### RECORDED INFORMATION
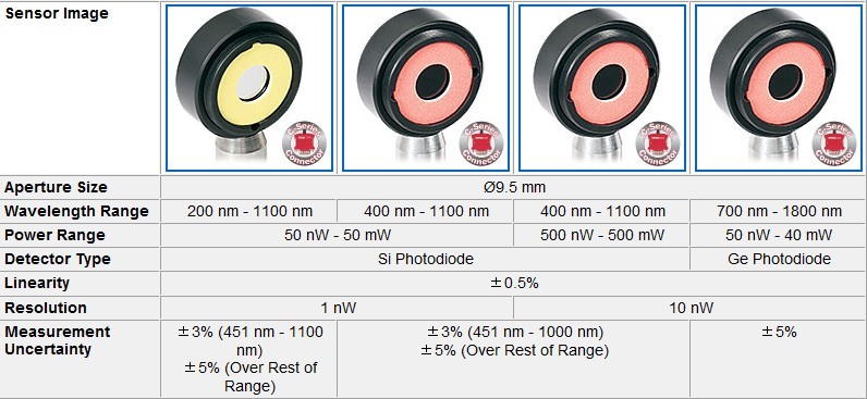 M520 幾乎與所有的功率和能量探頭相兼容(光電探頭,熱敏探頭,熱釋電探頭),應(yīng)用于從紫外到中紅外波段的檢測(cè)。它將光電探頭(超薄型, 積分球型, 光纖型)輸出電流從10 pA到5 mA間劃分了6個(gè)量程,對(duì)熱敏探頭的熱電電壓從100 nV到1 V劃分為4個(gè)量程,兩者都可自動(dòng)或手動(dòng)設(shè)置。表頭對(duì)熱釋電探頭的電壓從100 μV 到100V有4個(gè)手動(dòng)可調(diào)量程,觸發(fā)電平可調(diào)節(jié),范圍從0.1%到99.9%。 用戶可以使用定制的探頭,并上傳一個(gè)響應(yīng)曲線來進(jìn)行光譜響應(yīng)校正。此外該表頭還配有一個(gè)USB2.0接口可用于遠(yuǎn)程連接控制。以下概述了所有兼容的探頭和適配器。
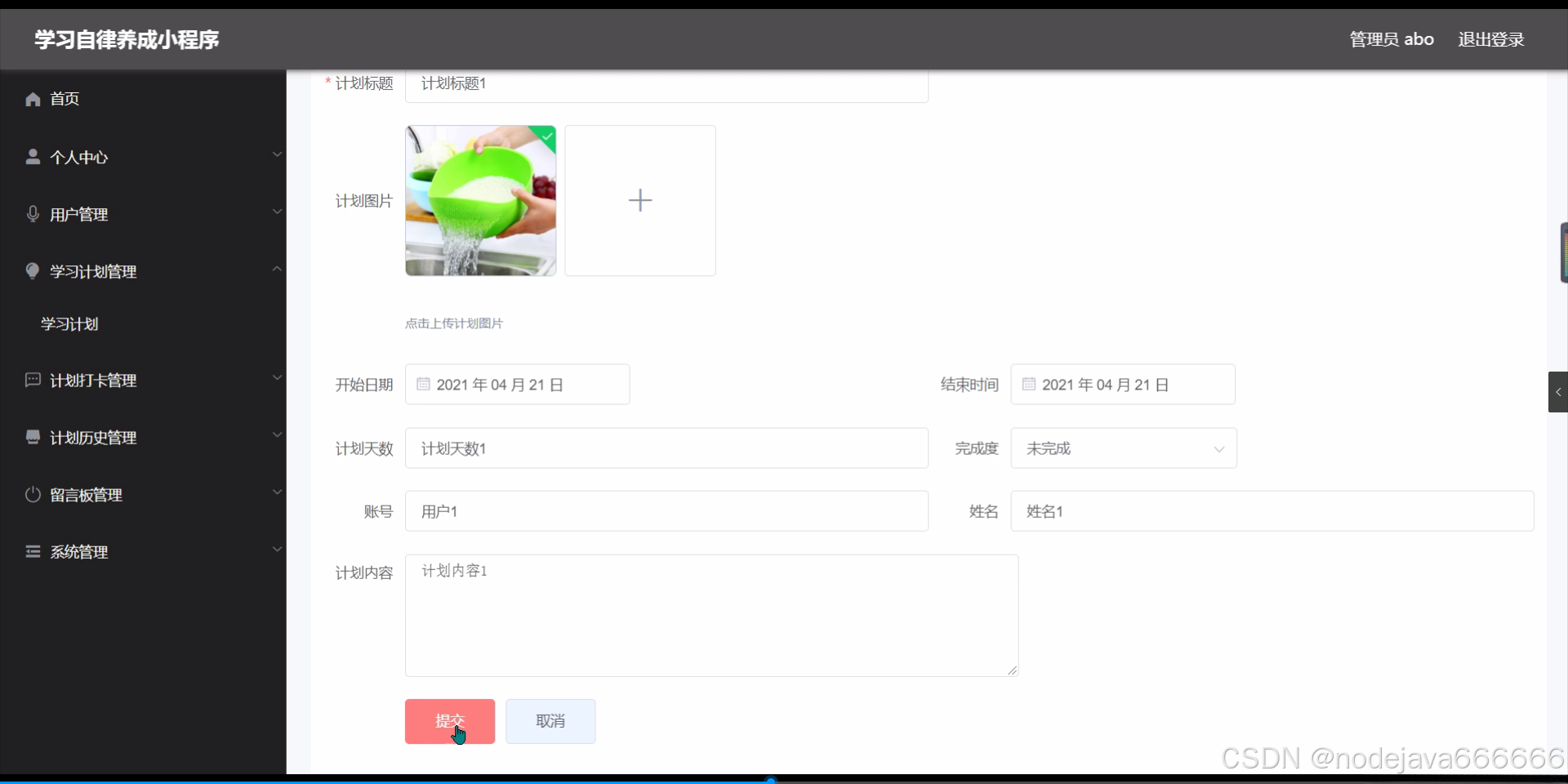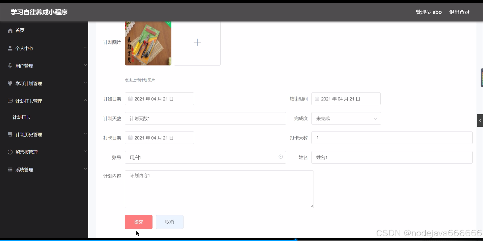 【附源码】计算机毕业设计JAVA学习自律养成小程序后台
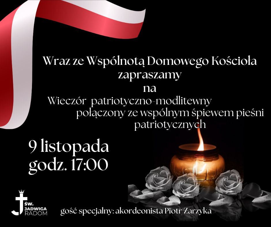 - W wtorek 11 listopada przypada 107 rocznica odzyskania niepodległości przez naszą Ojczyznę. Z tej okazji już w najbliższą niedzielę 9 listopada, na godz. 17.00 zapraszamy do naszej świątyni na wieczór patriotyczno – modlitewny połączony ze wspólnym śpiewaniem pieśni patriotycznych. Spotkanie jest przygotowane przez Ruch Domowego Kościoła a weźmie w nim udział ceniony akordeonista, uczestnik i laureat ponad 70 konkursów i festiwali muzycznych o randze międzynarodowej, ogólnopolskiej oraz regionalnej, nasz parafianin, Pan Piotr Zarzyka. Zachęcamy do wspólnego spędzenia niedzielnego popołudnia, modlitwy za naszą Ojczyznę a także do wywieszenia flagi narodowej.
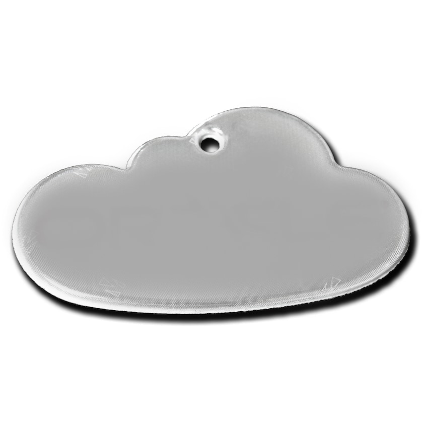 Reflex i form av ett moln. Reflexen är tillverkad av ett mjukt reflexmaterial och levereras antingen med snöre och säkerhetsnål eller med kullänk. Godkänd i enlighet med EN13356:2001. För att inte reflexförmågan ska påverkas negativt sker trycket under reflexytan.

### EXERCISE
Print the listing word for word but skip its pictures.

### YOUR SOLUTION
 M520 幾乎與所有的功率和能量探頭相兼容(光電探頭,熱敏探頭,熱釋電探頭),應(yīng)用于從紫外到中紅外波段的檢測(cè)。它將光電探頭(超薄型, 積分球型, 光纖型)輸出電流從10 pA到5 mA間劃分了6個(gè)量程,對(duì)熱敏探頭的熱電電壓從100 nV到1 V劃分為4個(gè)量程,兩者都可自動(dòng)或手動(dòng)設(shè)置。表頭對(duì)熱釋電探頭的電壓從100 μV 到100V有4個(gè)手動(dòng)可調(diào)量程,觸發(fā)電平可調(diào)節(jié),范圍從0.1%到99.9%。 用戶可以使用定制的探頭,并上傳一個(gè)響應(yīng)曲線來進(jìn)行光譜響應(yīng)校正。此外該表頭還配有一個(gè)USB2.0接口可用于遠(yuǎn)程連接控制。以下概述了所有兼容的探頭和適配器。
 【附源码】计算机毕业设计JAVA学习自律养成小程序后台
 - W wtorek 11 listopada przypada 107 rocznica odzyskania niepodległości przez naszą Ojczyznę. Z tej okazji już w najbliższą niedzielę 9 listopada, na godz. 17.00 zapraszamy do naszej świątyni na wieczór patriotyczno – modlitewny połączony ze wspólnym śpiewaniem pieśni patriotycznych. Spotkanie jest przygotowane przez Ruch Domowego Kościoła a weźmie w nim udział ceniony akordeonista, uczestnik i laureat ponad 70 konkursów i festiwali muzycznych o randze międzynarodowej, ogólnopolskiej oraz regionalnej, nasz parafianin, Pan Piotr Zarzyka. Zachęcamy do wspólnego spędzenia niedzielnego popołudnia, modlitwy za naszą Ojczyznę a także do wywieszenia flagi narodowej.
 Reflex i form av ett moln. Reflexen är tillverkad av ett mjukt reflexmaterial och levereras antingen med snöre och säkerhetsnål eller med kullänk. Godkänd i enlighet med EN13356:2001. För att inte reflexförmågan ska påverkas negativt sker trycket under reflexytan.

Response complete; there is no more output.